Здесь, конечно, не без пересола — это Пенек понимает, все взрослые любят страху нагнать. А Муня и подавно!
С Муней Пенек еще рассчитается, но это — в будущем. Вот вернется мать с курорта, Муня в субботний вечер, как всегда, придет к ним, попросит посмотреть и понюхать привезенные из-за границы лекарства.
Пусть только этот длинноносый сунется к ним в дом!
Пенек тогда придвинет Муне мягкое кресло. В сиденье будет торчать иголка. Пусть Муня на здоровье сядет в кресло.
Будет тогда знать, как каркать!
Все же болезнь Хаима вызывает в городке все большую тревогу, отрывает многих от работы, лишает сна.

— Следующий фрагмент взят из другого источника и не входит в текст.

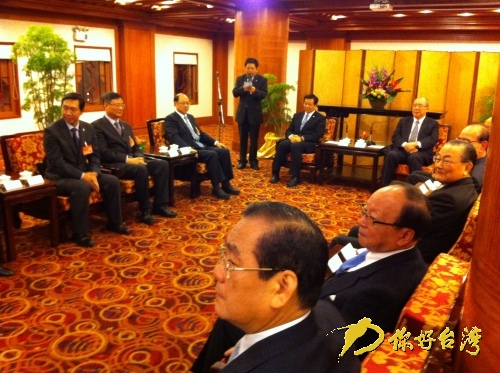 陳德銘在致辭時介紹了海協會經貿交流團在臺參訪的情況和收獲。他說,七天來,我們走訪了臺北、桃園、高雄、屏東、嘉義、臺中、新竹、新北等地,實地考察了臺灣“六海一空自由經濟示范區”規劃與建設,參觀了一批有特色的臺灣企業,看望老朋友,結識新朋友。一路行來,對臺灣鄉親希望深化兩岸經濟合作、實現互利雙贏的愿望印象深刻,對兩岸經濟合作發展的前景充滿信心。此訪有利于為推動兩岸經濟深度合作創造積極氣氛,也期待吳伯雄榮譽主席繼續為推動兩岸關系和平發展貢獻心力。

Даже Пенек последние ночи плохо спит: вертится с одного бока на другой, никак не поймет: «Как же так? Жил Хаим да поживал — весь как он есть, рано поседевший. Уезжал на всю неделю по делам тестя, ходил молиться по субботам в своем стареньком длиннополом сюртуке, исправно являлся к тестю с недельным отчетом, чувствовал себя при этом пришибленным — стоял перед тестем навытяжку, как перед начальством, отвечал на вопросы коротко, с расстановкой, точно глуховатый: „Ась?“ А у себя дома был весельчаком, балагурил, сажал на лету ребят к себе на плечо, радостно орал им в ухо: „Ку-ка-ре-ку!“ Как же это так? Живет человек да поживает, и вдруг — на тебе! Сразу не станет человека!»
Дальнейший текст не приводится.